How would QOPI need to change to work as the standard for measuring cancer care performance that all payers recognize?

Kamin: Right now, QOPI is a retrospective review of records, and we need to take it to the next level for it to support the rapid learning system idea. It has to capture real-time clinical decision-making, and that is more like a registry model.

 

We recently completed a breast cancer registry pilot to see if it was feasible for practices to provide that kind of information in real time, and we learned a lot from it. We're going to continue developing that because that is definitely where we would like QOPI to go.

 

The goal is to track what happens to the patient from the moment they are diagnosed, all the way through their experience. QOPI is not complete; it primarily includes medical oncology measures and it is retrospective and it is focused on ambulatory care.

 

The QOPI steering committee has been talking about the need for greater emphasis on [radiation therapy and surgery] measures. We have begun dialogue with those specialties to see what we can do to work together to get some measures that would reflect those different disciplines, in addition to the medical oncology measures we have now.

 

Many oncologists have expressed frustration with the government's Physician Quality Reporting System, which does not include oncology-specific measures. Could QOPI be used by the government as the oncology component of PQRS?
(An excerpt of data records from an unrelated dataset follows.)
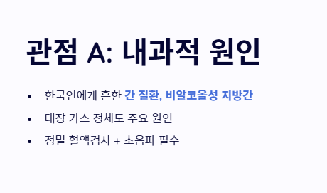 - 관점 A: '내과적 질환 및 장기 염증'의 관점 옆구리 통증은 내부 장기의 기능 저하나 감염에서 비롯된다고 봅니다. 특히 한국인에게 흔한 간 질환이나 비알코올성 지방간, 대장 가스 정체 등을 주요 원인으로 꼽으며, 정밀 혈액 검사와 초음파를 통해 오른쪽 옆구리 통증 의심되는병의 뿌리를 찾아야 한다는 시각입니다.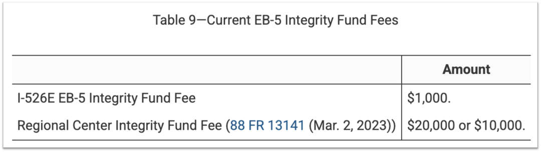 I-526/E(投资申请):11,160美元 → 9,625美元,降幅14%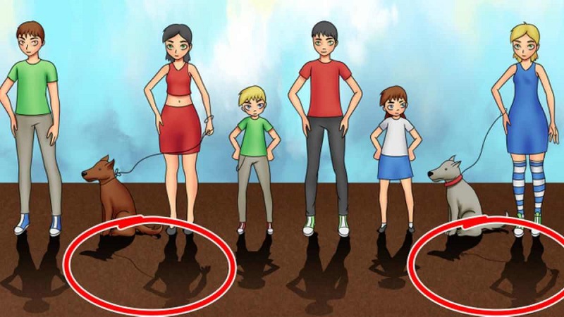اگر هنوز پاسخ را پیدا نکردید نگران نباشید، فقط به سایه های هر دو زن با سگ نگاه کنید. سایه ها عوض شده اند.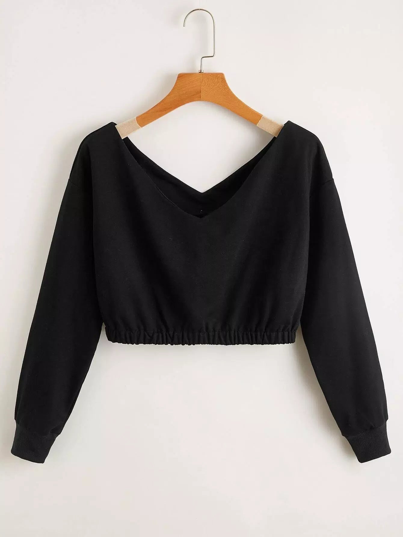 سويت شيرت سادة برقبة على شكل حرف V بياقة قصيرة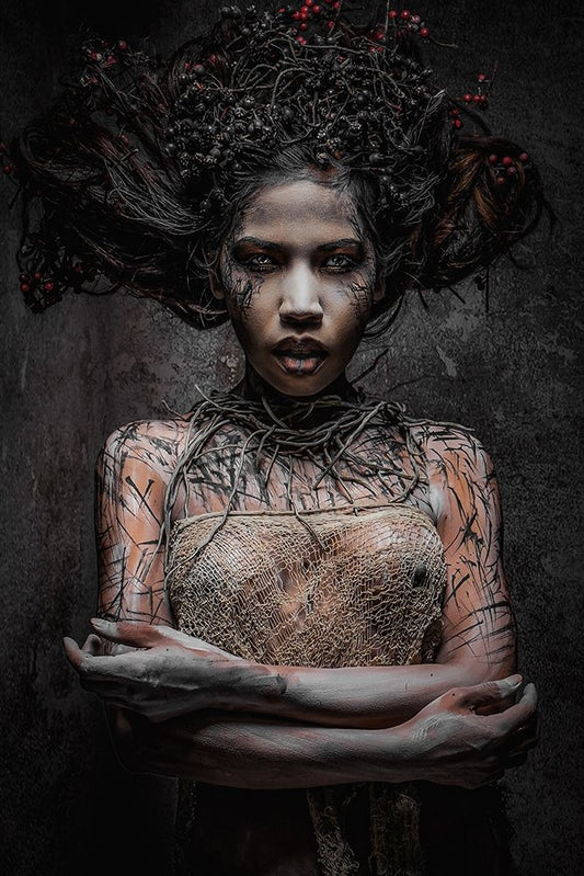 Spidergirl Black Ornate Wood Framed Art Print with Double Matting by Kaminski, Lukas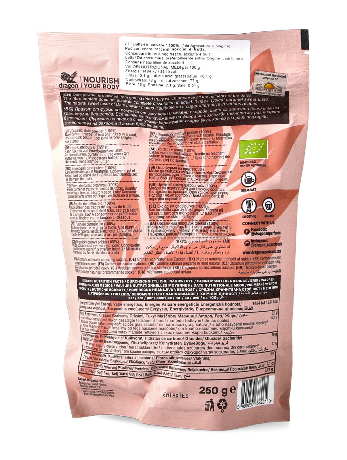 I datteri in polvere di Dragon Superfood si ottengono dai frutti essiccati e macinati delicatamente solo così conserva tutti i nutrienti del prodotto fresco.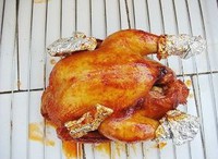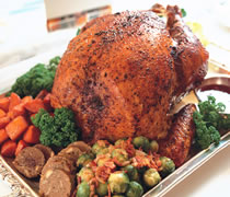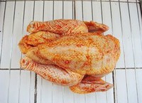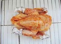 5. 在煮火鸡馅饼的同时,将香料2塞入已退冰的火鸡中,先用160∼180℃烤1小时,在将烤箱温度调至200度继续烤1小时即可。另外,每20分钟需将自火鸡流出的肉汁淋至火鸡上,以免鸡皮失去光泽。
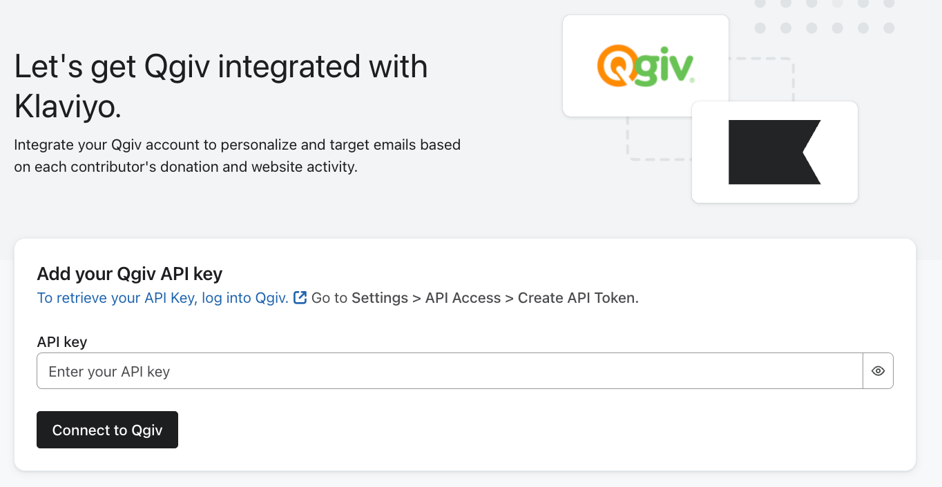 Zuerst musst du ein API-Token in Qgiv erstellen und dann die Integration in Klaviyo aktivieren.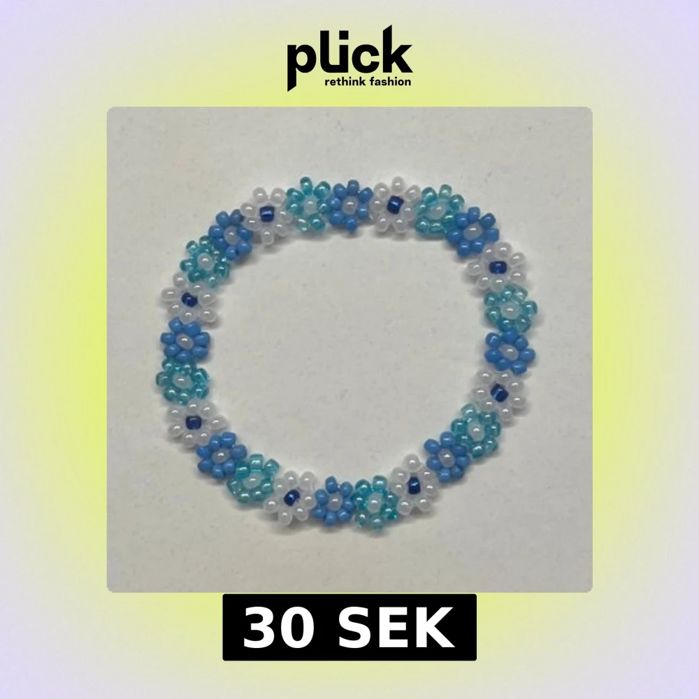 Supergulligt armband med små blommor av pärlor i blått, vitt och turkost. Armbandet är elastiskt och kan göras i andra storlekar och färger💕 Superfin accessoar!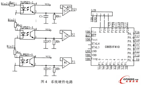 測量單體電池電壓的方法有多種,最簡單的是用電阻分壓方式測量:依次測量各串聯節點的電壓,由于所測電壓是總電壓,單體電池電壓只占一部分,則測量精度按比例降低;另一種測量方法是每一個單體電池采用一個隔離運算放大器,這種運算放大器可把電池電壓轉換為統一參考地電壓,而且避免了由電阻分壓造成的漂移誤差和漏電流等問題,但是體積大且價格高,僅適合于那些測量精度要求高且不考慮漏電流和成本的場合。另外,第三種方法是采用繼電器陣列選擇進行測量,該方法控制開關復雜。而目前電壓測量應用較多的是運算放大器差分放大法及直接采樣法,但這些方法都存在電路復雜,體積大的缺點,運用于那些對體積和重量有要求的領域則有一定的局限性。因此,這里提出一種采用普通光耦代替線性光耦的測量方法,以C8051F410嵌入式單片機為核心的便攜式串聯電池組電壓檢測系統。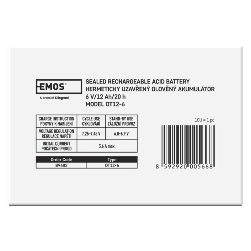 Az EMOS akkumulátor tartaléktelepként használható szünetmentes tápegységekhez, RBC készletekhez stb. A karbantartást nem igénylő, AGM kivitelű, biztonsági szelepes ólom-savas akkumulátor bármilyen helyzetben használható. Az optimális élettartam szünetmentes tápegységben 5 év.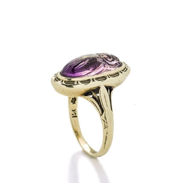 MATERIALE: oro a basso titolo e ametista incisa DESCRIZIONE: anello realizzato con ametista incisa come uno scarabeo, su base sagomata e decorata con foglie stilizzate, reca il marchio 15k MISURE: anello 6 PESO: gr 3.6
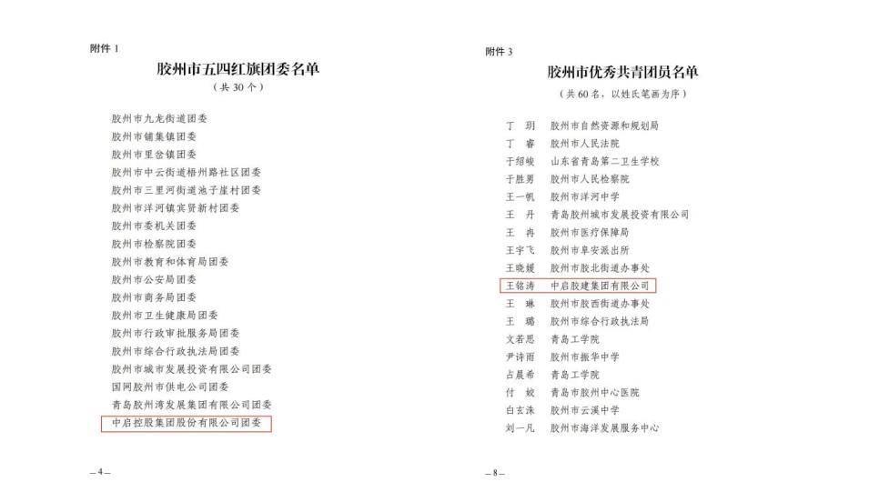 近日,膠州團市委在市會議中心四樓多功能廳舉行“學習二十大、永遠跟黨走、奮進新征程”膠州市紀念五四運動104周年主題團日活動,市委副書記劉濤出席并發(fā)表致辭,團市委書記劉毅帶領全體團員團干部重溫入團誓詞,會上對全市“五四典型”進行通報表揚。中啟控股集團股份有限公司團委榮獲2022年度“膠州市五四紅旗團委”稱號,中啟膠建集團膠州公司團員青年職工王銘濤榮獲“膠州市優(yōu)秀共青團員”稱號。

Kamin: We recently met with [Centers for Medicare & Medicaid Services Administrator] Don Berwick on this very subject. The case that we are making to CMS is that if people have confidence in what is being measured, and it is relevant to them and formulated by their own peers, the Administration will achieve its goal of getting more people involved in the culture of self-examination and quality improvement.

 

We are currently figuring out ways that QOPI could satisfy the government's reporting requirement.